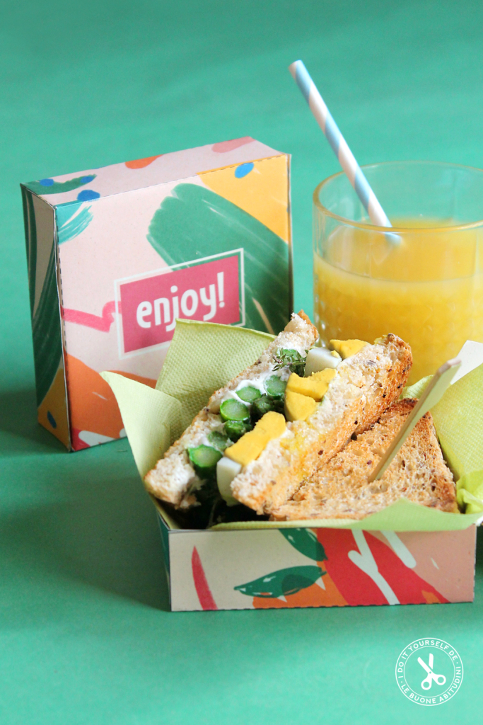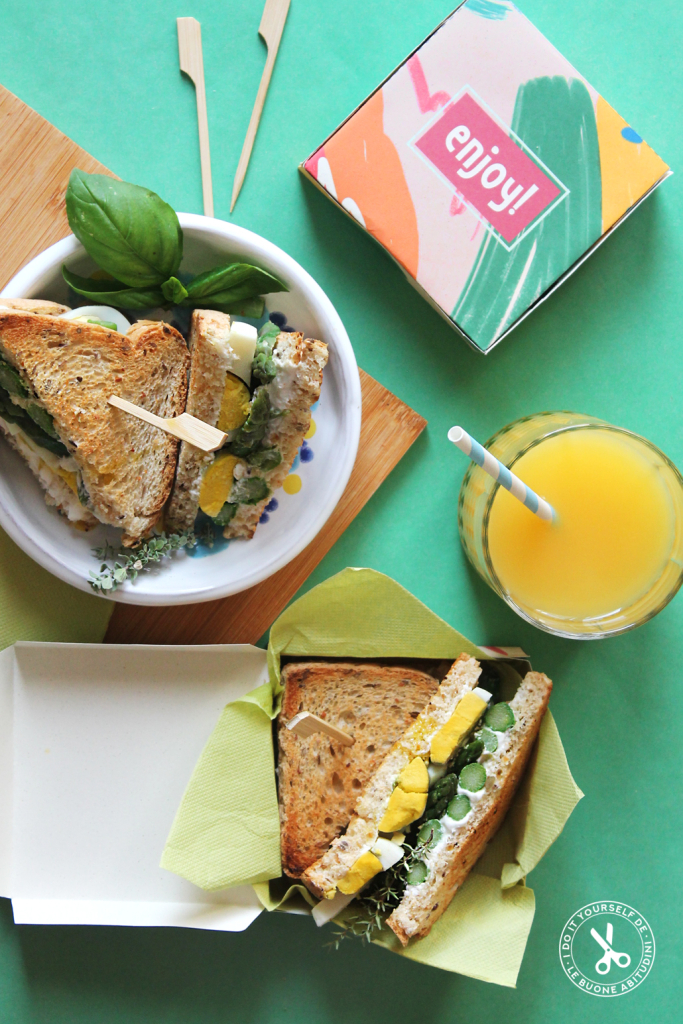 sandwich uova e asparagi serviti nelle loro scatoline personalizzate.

---

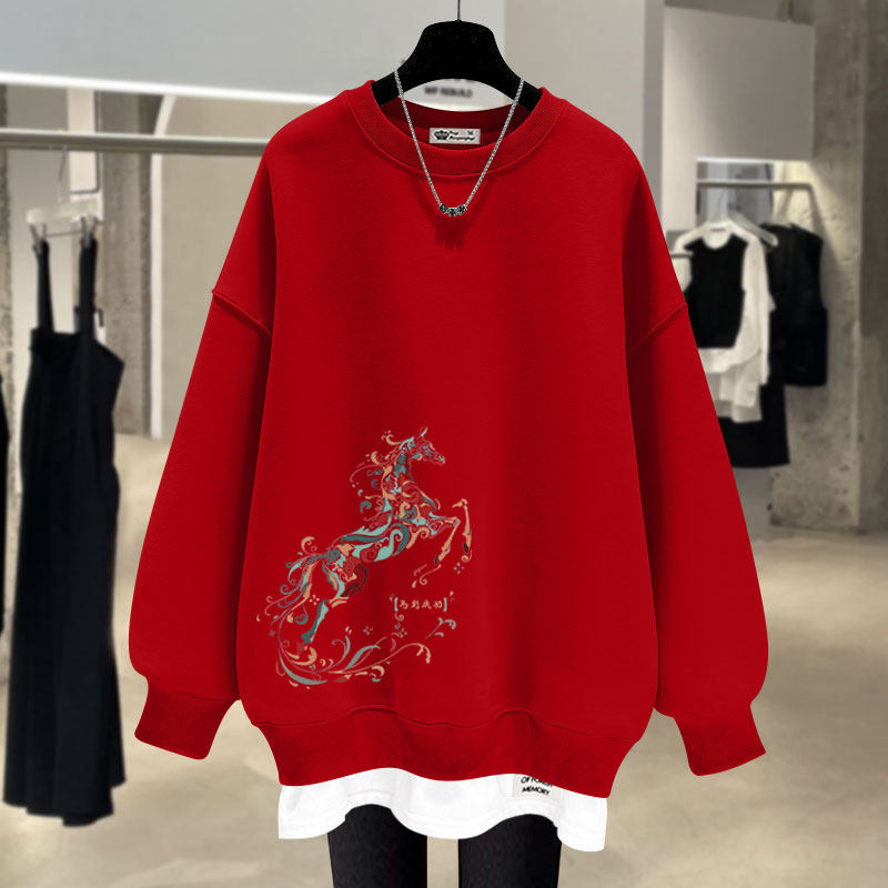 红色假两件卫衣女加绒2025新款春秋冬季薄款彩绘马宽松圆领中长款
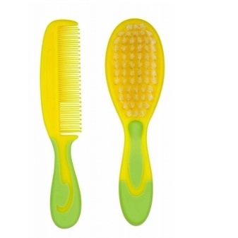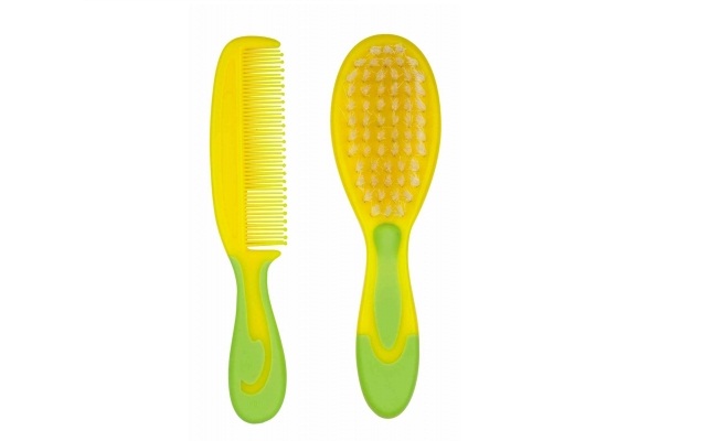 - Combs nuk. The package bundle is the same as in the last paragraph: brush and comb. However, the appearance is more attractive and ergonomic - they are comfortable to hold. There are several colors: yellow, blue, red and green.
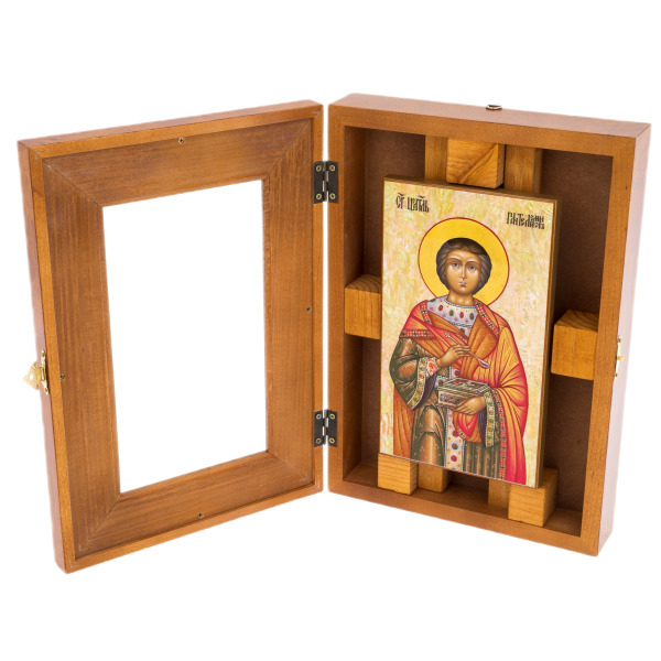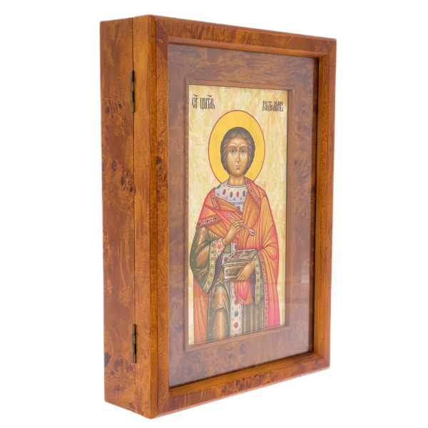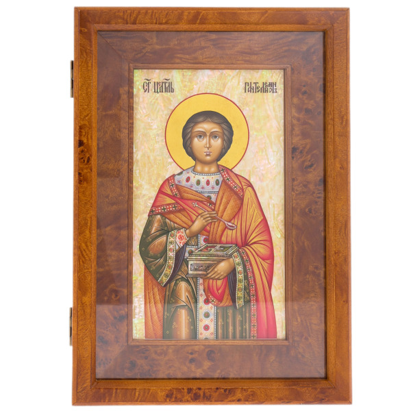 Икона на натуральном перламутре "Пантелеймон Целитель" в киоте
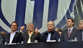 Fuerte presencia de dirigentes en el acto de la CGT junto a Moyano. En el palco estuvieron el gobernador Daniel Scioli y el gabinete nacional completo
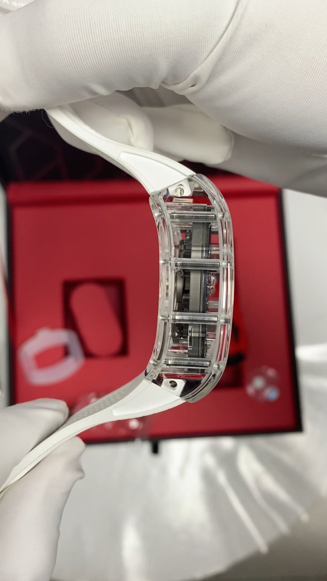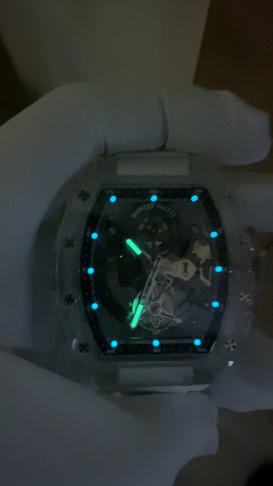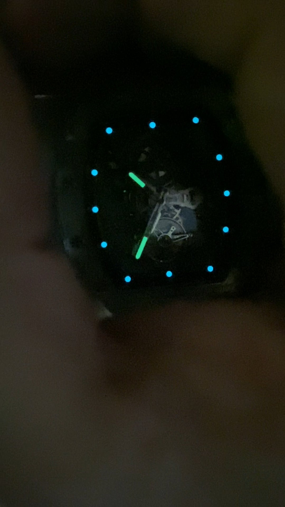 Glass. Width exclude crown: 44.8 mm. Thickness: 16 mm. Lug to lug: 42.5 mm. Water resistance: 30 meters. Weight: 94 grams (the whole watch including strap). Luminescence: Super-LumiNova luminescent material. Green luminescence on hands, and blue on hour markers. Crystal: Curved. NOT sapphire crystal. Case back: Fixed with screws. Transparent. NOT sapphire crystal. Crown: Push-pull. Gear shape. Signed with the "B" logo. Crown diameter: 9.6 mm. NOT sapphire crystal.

▶ **What you should do**: Return, exactly as they stand, the lines above from the one with "Fuerte presencia de" to the one with "Glass. Width exclude", omitting any pictures among them.

▶ **Answer below**:
 Fuerte presencia de dirigentes en el acto de la CGT junto a Moyano. En el palco estuvieron el gobernador Daniel Scioli y el gabinete nacional completo
 Glass. Width exclude crown: 44.8 mm. Thickness: 16 mm. Lug to lug: 42.5 mm. Water resistance: 30 meters. Weight: 94 grams (the whole watch including strap). Luminescence: Super-LumiNova luminescent material. Green luminescence on hands, and blue on hour markers. Crystal: Curved. NOT sapphire crystal. Case back: Fixed with screws. Transparent. NOT sapphire crystal. Crown: Push-pull. Gear shape. Signed with the "B" logo. Crown diameter: 9.6 mm. NOT sapphire crystal.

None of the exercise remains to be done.